Introduction
In the last blog we explored the effects of different GPU parallelism(sharding) strategies and effects of setting max batch size for parallel sequence processing.
In this text we continue our series of tunning vLLM runtime for high loads.
For the purpose of benchmarking, we used the same hardware as before. A single server node with 8 GPUs NVIDIA A100 SXM4 80 GB.

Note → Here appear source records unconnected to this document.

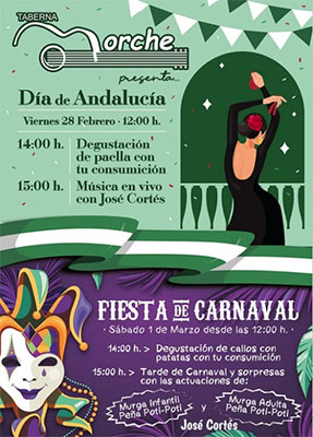 EL MORCHE – In de kustplaats El Morge (aan de N-340 tussen Nerja en Málaga) wordt vrijdag 28 februari de jaarlijkse Día de Andalucía gevierd. Vanaf 15.00 uur komt daarbij de Spaanse (flamenco)zanger en gitarist José Cortés in actie bij bar/restaurant bij La Taberna.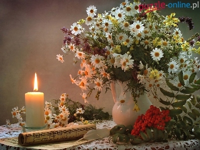 Rumianek, Świeca, Nuty, Wazon, Kompozycja, Bukiet, Jarzębina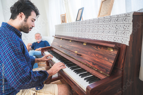 Mature and senior man with grey hair singing at home with eyes closed having young and handsome son play music and tune on piano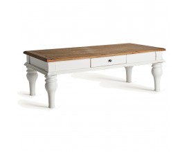 Moderný masívny konferenčný stolík Quadria Blanca z dubivého dreva v off white bielej farbe 68cm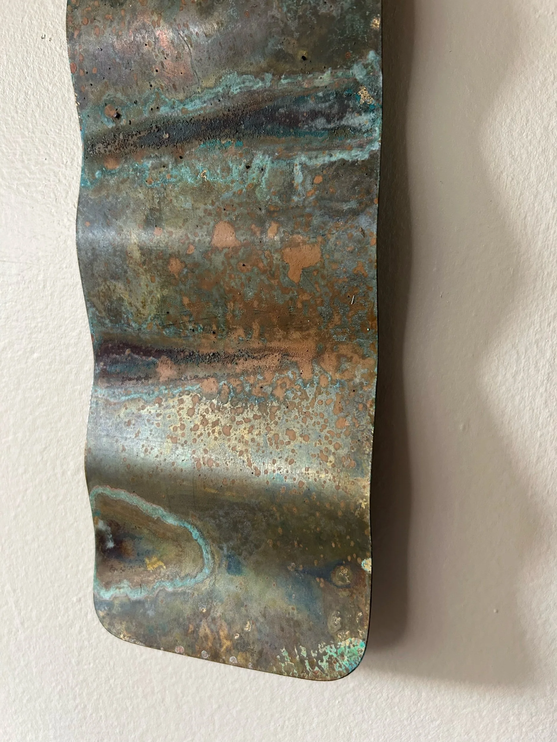 Wall hanging made of patinated brass pieces, hammered brass rod connection points, and a wooden shape. There is a hole drilled into the backside for easy hanging, flush against the wall.

Also, we used the same deepseek-ai/DeepSeek-R1-Distill-Llama-70B model which is a model distilled from DeepSeek-R1 but based on meta-llama/Llama-3.3-70B-Instruct model and it has following characteristics:
- Parameter number – 70.6B parameters
- Parameter precision (Precision) – BF16 (bfloat16) == 2 bytes
- Number of layers (L) – 80 layers
- Hidden dimension (H) – 8192
- Grouped Query Attention mechanism
- (n_kv_heads) 8 KV Heads
- (n_q_heads) 64 Query Heads
- Max context length (max_position_embeddings) 131072 tokens
For the benchmark test we used datasets that we constructed ourselves, and we made them publicly available on our HuggingFace profile page.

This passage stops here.